§ **DATASET CONTENT**
****
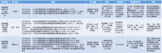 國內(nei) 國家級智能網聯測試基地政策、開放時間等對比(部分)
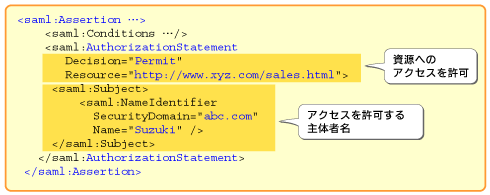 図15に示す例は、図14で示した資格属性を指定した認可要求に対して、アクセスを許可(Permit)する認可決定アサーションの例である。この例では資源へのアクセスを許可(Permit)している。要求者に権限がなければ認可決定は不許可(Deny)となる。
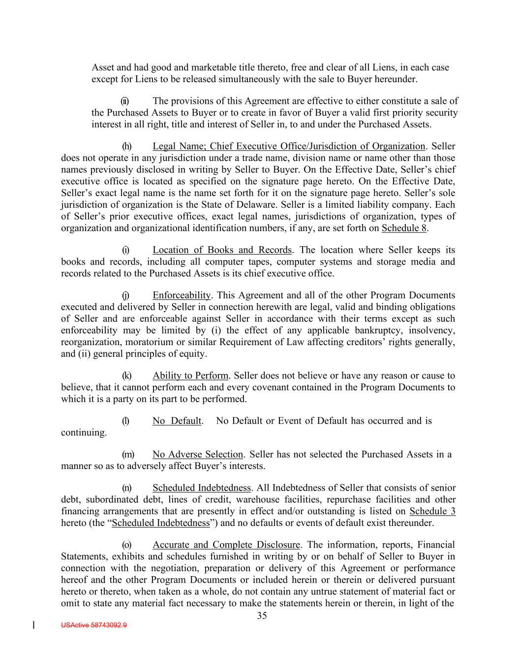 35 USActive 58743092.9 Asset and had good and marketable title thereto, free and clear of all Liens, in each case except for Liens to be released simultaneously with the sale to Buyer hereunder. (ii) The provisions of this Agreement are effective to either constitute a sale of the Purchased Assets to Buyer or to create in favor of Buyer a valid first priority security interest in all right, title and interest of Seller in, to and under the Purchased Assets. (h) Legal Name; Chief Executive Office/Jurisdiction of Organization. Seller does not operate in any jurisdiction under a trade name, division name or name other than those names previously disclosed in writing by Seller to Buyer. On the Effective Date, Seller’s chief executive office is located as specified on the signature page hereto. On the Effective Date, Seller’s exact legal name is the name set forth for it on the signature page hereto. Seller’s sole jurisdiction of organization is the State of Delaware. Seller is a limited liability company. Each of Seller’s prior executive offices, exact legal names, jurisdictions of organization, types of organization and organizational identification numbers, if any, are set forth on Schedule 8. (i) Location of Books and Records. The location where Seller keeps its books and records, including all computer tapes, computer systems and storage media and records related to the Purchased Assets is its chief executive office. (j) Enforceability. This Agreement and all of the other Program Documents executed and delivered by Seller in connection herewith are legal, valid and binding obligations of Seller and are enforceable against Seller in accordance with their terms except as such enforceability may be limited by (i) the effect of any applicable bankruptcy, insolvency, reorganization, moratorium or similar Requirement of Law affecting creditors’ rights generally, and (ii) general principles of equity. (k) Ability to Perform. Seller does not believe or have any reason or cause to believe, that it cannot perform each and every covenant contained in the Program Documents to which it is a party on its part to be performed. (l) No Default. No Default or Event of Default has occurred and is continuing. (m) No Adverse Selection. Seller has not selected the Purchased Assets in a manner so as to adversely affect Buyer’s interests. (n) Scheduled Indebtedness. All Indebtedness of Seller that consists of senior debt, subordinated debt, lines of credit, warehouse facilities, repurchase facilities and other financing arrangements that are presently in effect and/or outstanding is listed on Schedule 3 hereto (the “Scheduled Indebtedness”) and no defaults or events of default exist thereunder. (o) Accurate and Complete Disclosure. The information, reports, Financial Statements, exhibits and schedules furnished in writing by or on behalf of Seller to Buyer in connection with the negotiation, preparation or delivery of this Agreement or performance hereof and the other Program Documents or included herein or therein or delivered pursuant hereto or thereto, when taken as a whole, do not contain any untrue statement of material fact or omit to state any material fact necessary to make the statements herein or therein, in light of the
****
§ **WORK TO BE COMPLETED**
The line with "図15に示す例は、図14で示" marks the end: restate word for word every line from the top of the data through that one, omitting pictures.

§ **RESULT BELOW**
 國內(nei) 國家級智能網聯測試基地政策、開放時間等對比(部分)
 図15に示す例は、図14で示した資格属性を指定した認可要求に対して、アクセスを許可(Permit)する認可決定アサーションの例である。この例では資源へのアクセスを許可(Permit)している。要求者に権限がなければ認可決定は不許可(Deny)となる。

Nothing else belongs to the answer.